Restate the listing below line for line and word for word, without the pictures.

**Information provided:**

_____

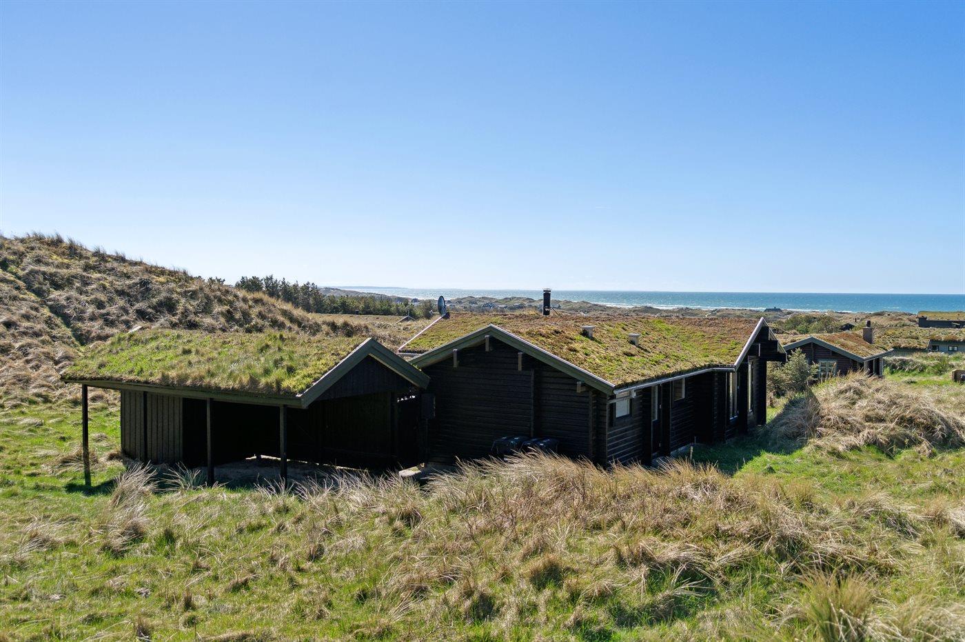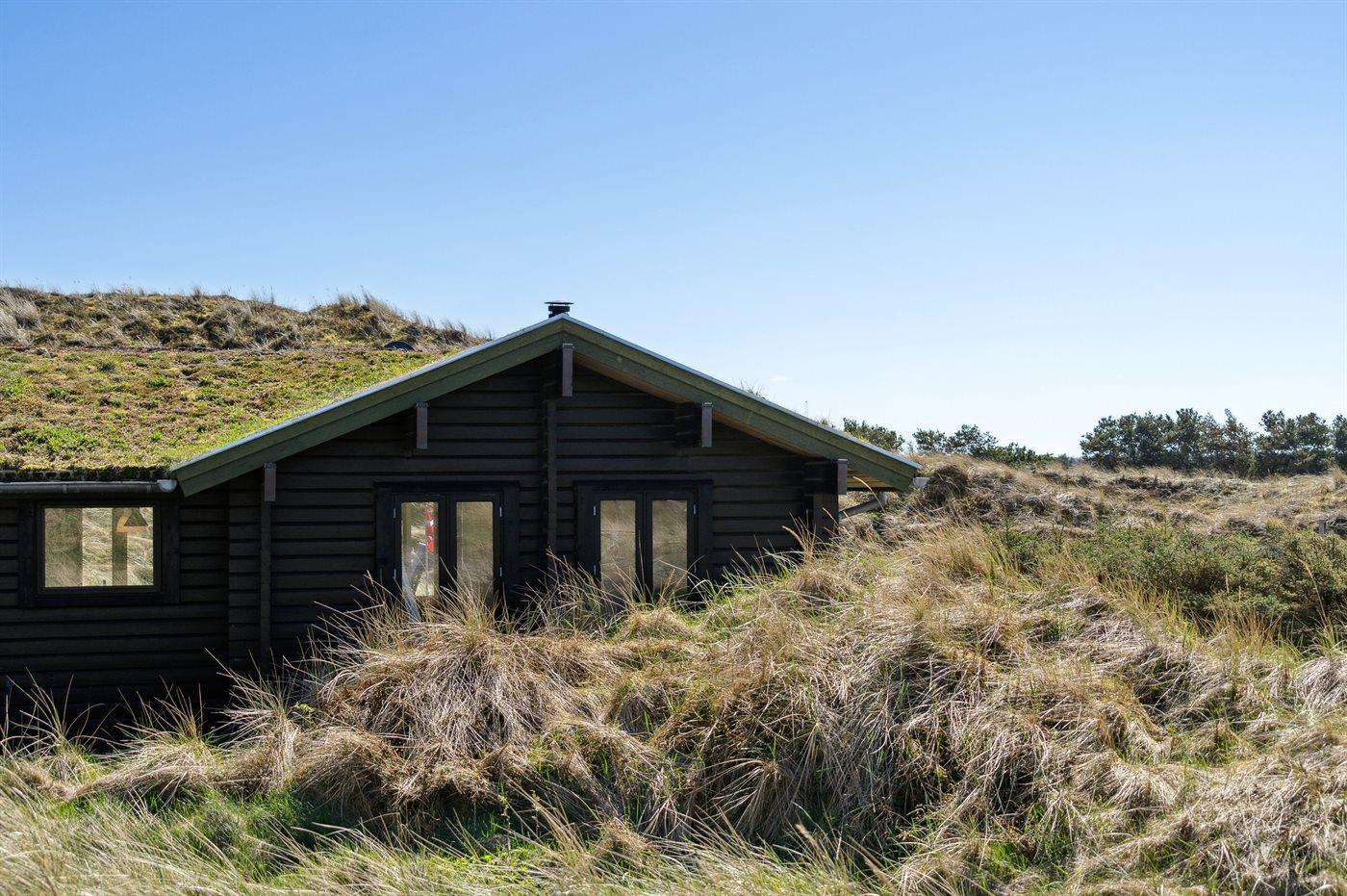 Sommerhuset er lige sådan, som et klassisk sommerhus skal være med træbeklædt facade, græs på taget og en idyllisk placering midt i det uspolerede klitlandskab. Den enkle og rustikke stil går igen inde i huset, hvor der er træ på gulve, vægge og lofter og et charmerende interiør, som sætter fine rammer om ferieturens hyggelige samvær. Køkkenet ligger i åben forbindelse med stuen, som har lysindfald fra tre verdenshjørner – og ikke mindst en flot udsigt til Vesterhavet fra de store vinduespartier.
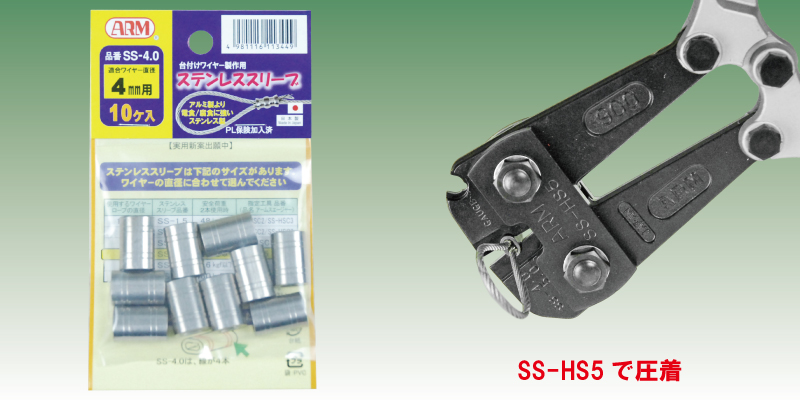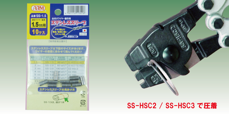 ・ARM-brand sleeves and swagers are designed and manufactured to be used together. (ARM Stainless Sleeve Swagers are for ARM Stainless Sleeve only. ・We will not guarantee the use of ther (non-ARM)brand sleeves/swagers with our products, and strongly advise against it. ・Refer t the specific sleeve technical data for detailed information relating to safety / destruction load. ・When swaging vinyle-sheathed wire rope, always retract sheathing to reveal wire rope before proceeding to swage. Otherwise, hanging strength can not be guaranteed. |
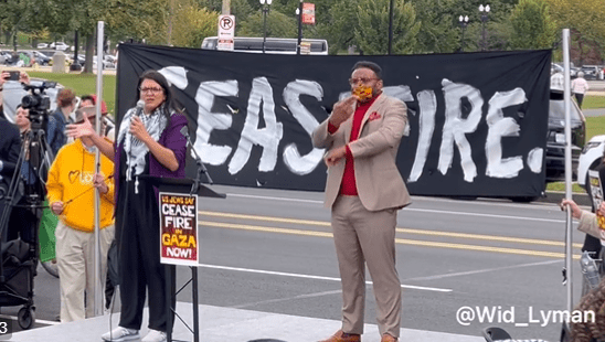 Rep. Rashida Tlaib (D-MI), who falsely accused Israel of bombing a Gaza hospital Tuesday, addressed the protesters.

_____

**Result of this exercise:**
 Sommerhuset er lige sådan, som et klassisk sommerhus skal være med træbeklædt facade, græs på taget og en idyllisk placering midt i det uspolerede klitlandskab. Den enkle og rustikke stil går igen inde i huset, hvor der er træ på gulve, vægge og lofter og et charmerende interiør, som sætter fine rammer om ferieturens hyggelige samvær. Køkkenet ligger i åben forbindelse med stuen, som har lysindfald fra tre verdenshjørner – og ikke mindst en flot udsigt til Vesterhavet fra de store vinduespartier.
 ・ARM-brand sleeves and swagers are designed and manufactured to be used together. (ARM Stainless Sleeve Swagers are for ARM Stainless Sleeve only. ・We will not guarantee the use of ther (non-ARM)brand sleeves/swagers with our products, and strongly advise against it. ・Refer t the specific sleeve technical data for detailed information relating to safety / destruction load. ・When swaging vinyle-sheathed wire rope, always retract sheathing to reveal wire rope before proceeding to swage. Otherwise, hanging strength can not be guaranteed. |
 Rep. Rashida Tlaib (D-MI), who falsely accused Israel of bombing a Gaza hospital Tuesday, addressed the protesters.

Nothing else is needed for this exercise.